In [1]:
import os
import datetime

import pandas as pd

import tensorflow as tf
import tensorflow_hub as hub
import tensorflow_io as tfio

In [2]:
yamnet_model_handle = 'https://tfhub.dev/google/yamnet/1'
yamnet_model = hub.load(yamnet_model_handle)

In [3]:
label_classes = ['spoof', 'bonafide']
map_class_to_id = {'spoof':0, 'bonafide':1}

In [4]:
@tf.function
def load_wav_16k_mono(filename):
    """ Load a WAV file, convert it to a float tensor, resample to 16 kHz single-channel audio. """
    file_contents = tf.io.read_file(filename)
    wav, sample_rate = tf.audio.decode_wav(
          file_contents,
          desired_channels=1)
    wav = tf.squeeze(wav, axis=-1)
    sample_rate = tf.cast(sample_rate, dtype=tf.int64)
    wav = tfio.audio.resample(wav, rate_in=sample_rate, rate_out=16000)
    return wav

In [5]:
def read_csv(path, base_data_path):
    pd_data = pd.read_csv(path)

    filtered_pd = pd_data[pd_data.category.isin(label_classes)]
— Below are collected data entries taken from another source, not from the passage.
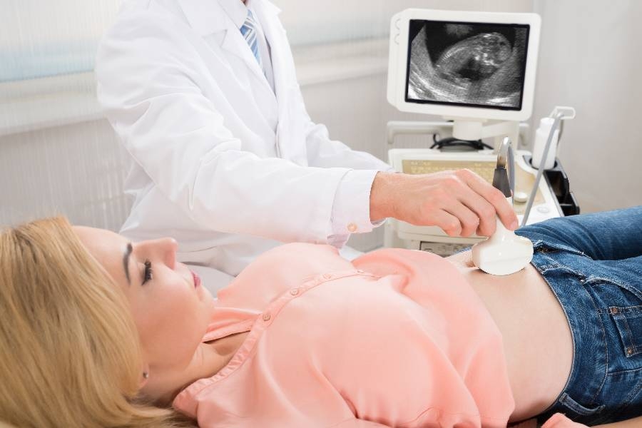 Ultrasonografi tanıda en önemli ikinci araçtır. Özellikle vajinal USG’ler daha hassastır. Son adet tarihine göre gebelik kesesi vajinal USG’de 5–6. haftada gösterilmelidir. Üstten bakılan USG’de gebelik kesesi izlenirse beta-HCG değeri 6.000 İU/mL den fazla demektir ve dış gebeliği ekarte ettirir. Rahimin dışında cenine ait kalp atışını görmek kesinlikle dış gebelik tanısını koydurur. Batın içine kanama olmuşsa batında serbest sıvı görülecektir. Son adet tarihine göre beşinci haftada rahim içinde gebelik kesenin görünmemesi dış gebelik lehinedir. Rahim boş, rahimin dışında kitle görmek, 2 veya 4 cm gibi, beta – HCG’de çok yüksekse 15.000–20.000 gibi tanı kesin dış gebeliktir, hatta cenin kalp atımları bile tespit edilebilir.
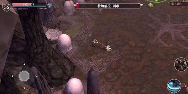 技能一:督瑞特会潜入地下追踪玩家,此状态下玩家无法对其发起攻击,并且督瑞特会锁定目标从地下跃出,跳跃次数随机为1到3次,每次钻出时都会产生小范围伤害。一旦命中玩家,该技能便会终止。
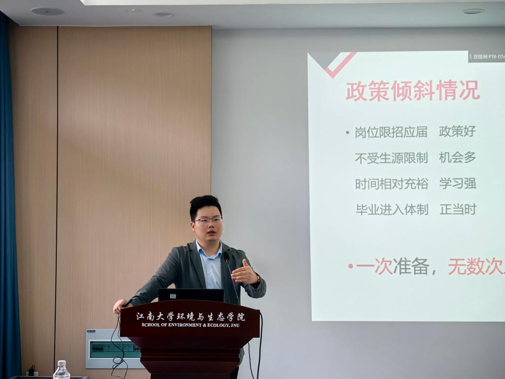 讲座伊始,吕老师以其深厚的行业洞察力与丰富的实战经验,系统性梳理了近几年公务员招录趋势,将国考、省考、选调生等相关职业发展通道、薪酬福利梯度及岗位招考类别清晰呈现。针对"应届生身份有效期""基层服务年限"等高频疑问,吕老师以2024年度公考最新政策为例,选取江苏、山东、浙江三省招录公告进行分析回答。随后,吕老师以详实数据为切入点,向同学们介绍了我校近几年各学院学生公考录取情况并通过与江苏省内其他高校录取数据对比分析,强调“精准选岗”的重要性,他建议学生优先考虑限制条件多、招录人数多的选调生岗位。此外,吕老师围绕岗位选择、报考策略等关键环节,并结合在校生的实际情况,提出了一套基于科学备考原则与时间管理理论的个性化备考方案与建议。
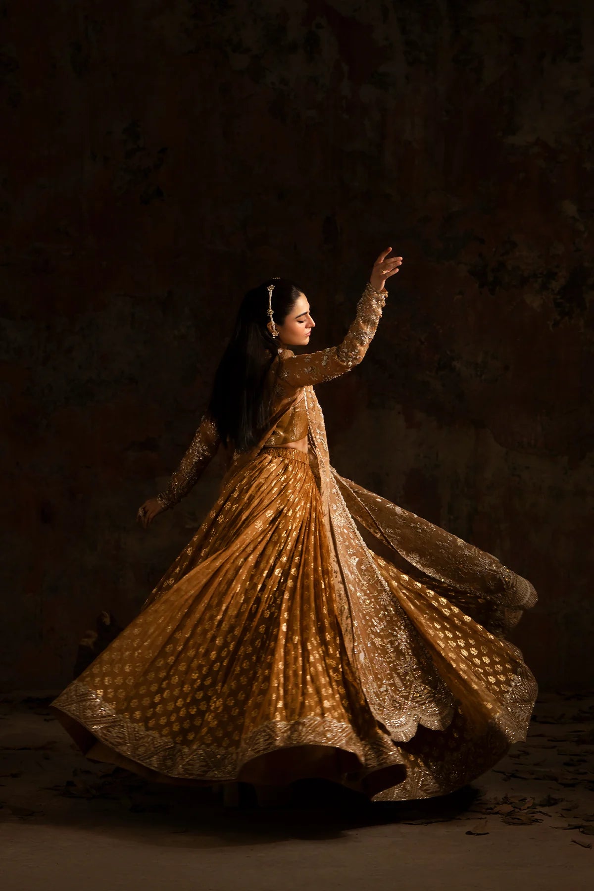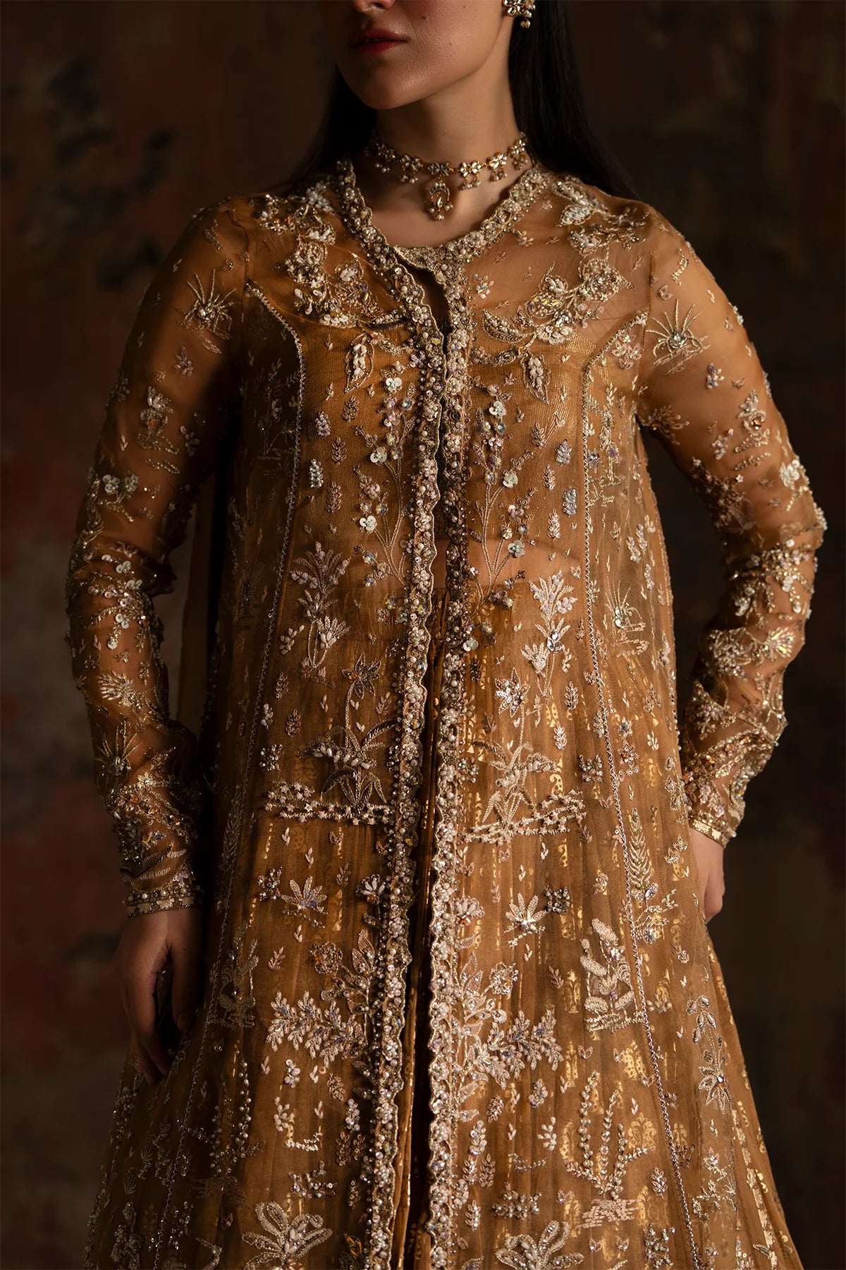Completed with a georgette chiffon lehenga, the ensemble flows effortlessly with romantic fluidity. Every detail reflects thoughtful craftsmanship, making Zinnia an exquisite choice for festive soirées, wedding celebrations, and elegant gatherings.
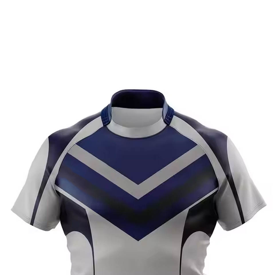 เสื้อรักบี้ระบายอากาศสำหรับผู้ชายเสื้อทีมรักบี้ของผู้ใหญ่เสื้อเจอร์ซีย์พิมพ์ซับลิเมชันตามสั่ง

    class_id = filtered_pd['category'].apply(lambda name: map_class_to_id[name])
    filtered_pd = filtered_pd.assign(target=class_id)
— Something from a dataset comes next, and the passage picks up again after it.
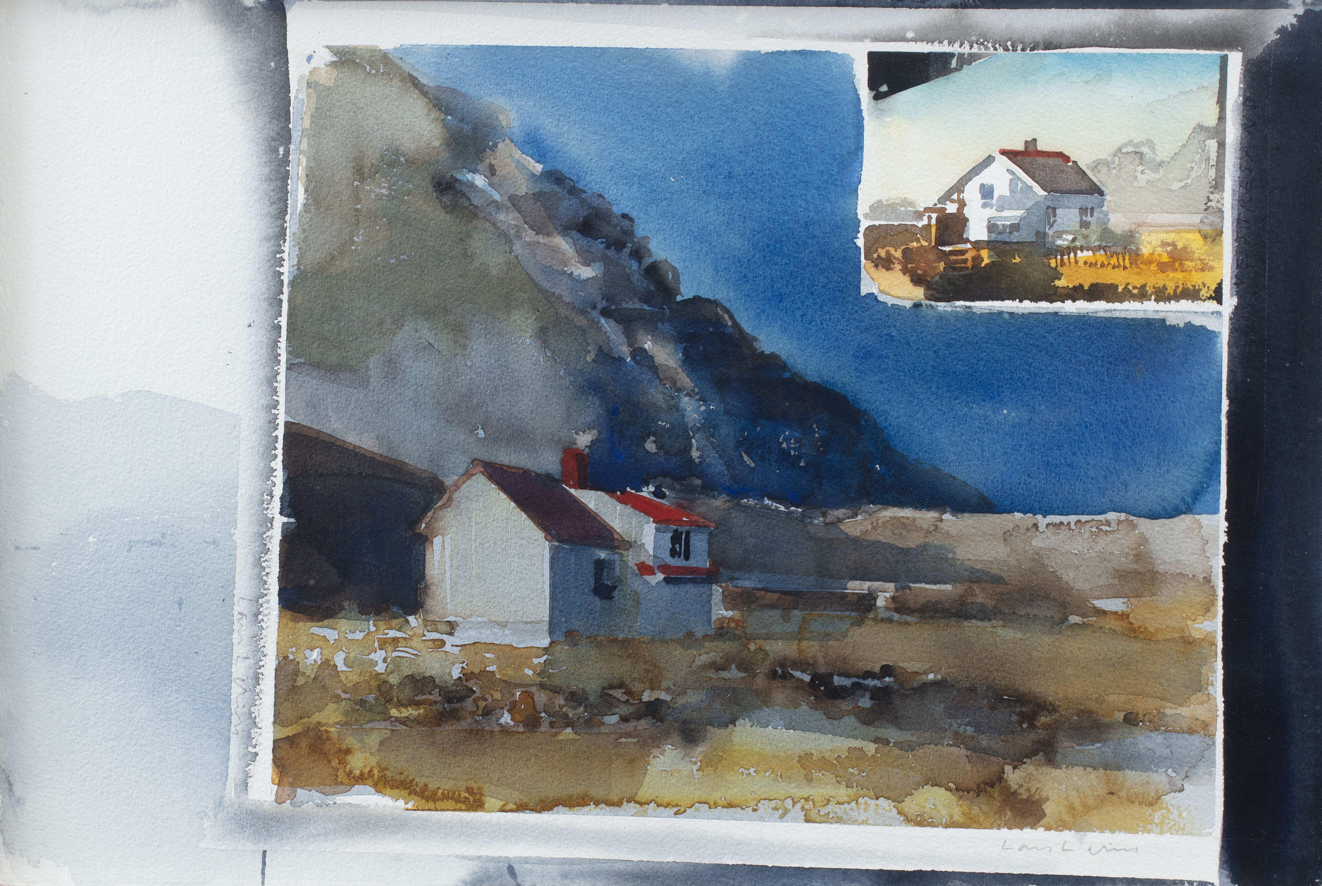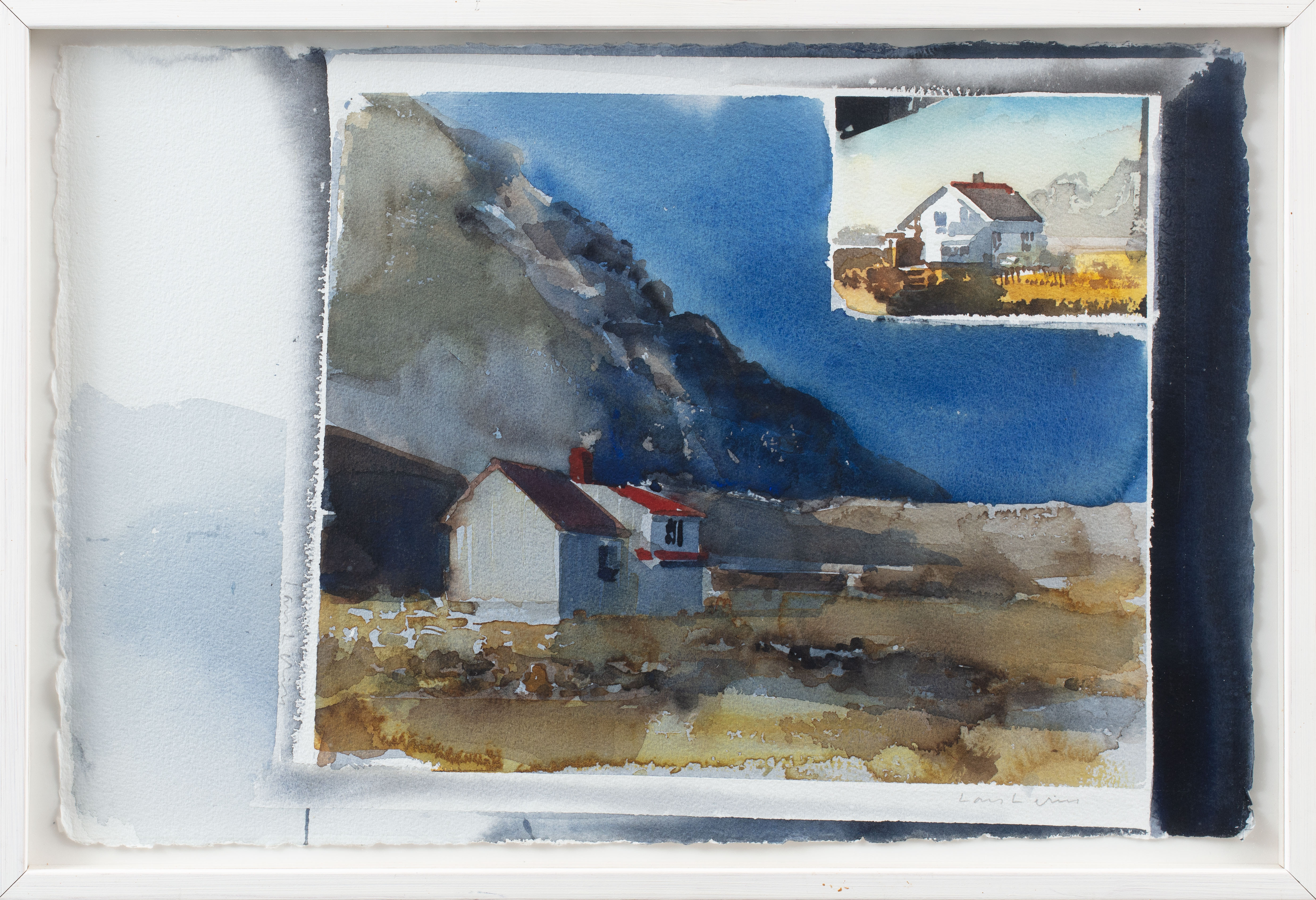 61. 1722164. LARS LERIN. Hus på en bjergskråning. Akvarel.

    full_path = filtered_pd['filename'].apply(lambda row: os.path.join(base_data_path, row))
    filtered_pd = filtered_pd.assign(filename=full_path)

    filenames = filtered_pd['filename']
    targets = filtered_pd['target']

    return tf.data.Dataset.from_tensor_slices((filenames, targets)), len(targets)

In [6]:
def load_wav_for_map(filename, label):
    return load_wav_16k_mono(filename), label, 1

In [7]:
# applies the embedding extraction model to a wav data
def extract_embedding(wav_data, label, fold):
    scores, embeddings, spectrogram = yamnet_model(wav_data)
    num_embeddings = tf.shape(embeddings)[0]
    return (embeddings,
            tf.repeat(label, num_embeddings),
            tf.repeat(fold, num_embeddings))

In [8]:
def load_ds(csv, folder):
    ds, ds_len = read_csv(csv, folder)
    ds = ds.map(load_wav_for_map)
    ds = ds.map(extract_embedding).unbatch()
    return ds.map(lambda embedding, label, fold: (embedding, label)).cache(), ds_len

In [9]:
cached_ds, ds_length = load_ds('train.csv', 'train')
train_size = int(ds_length * 0.8)

train_ds = cached_ds.take(train_size)
val_ds = cached_ds.skip(train_size)

train_ds = train_ds.cache().shuffle(1000).batch(32).prefetch(tf.data.AUTOTUNE)
val_ds = val_ds.cache().batch(32).prefetch(tf.data.AUTOTUNE)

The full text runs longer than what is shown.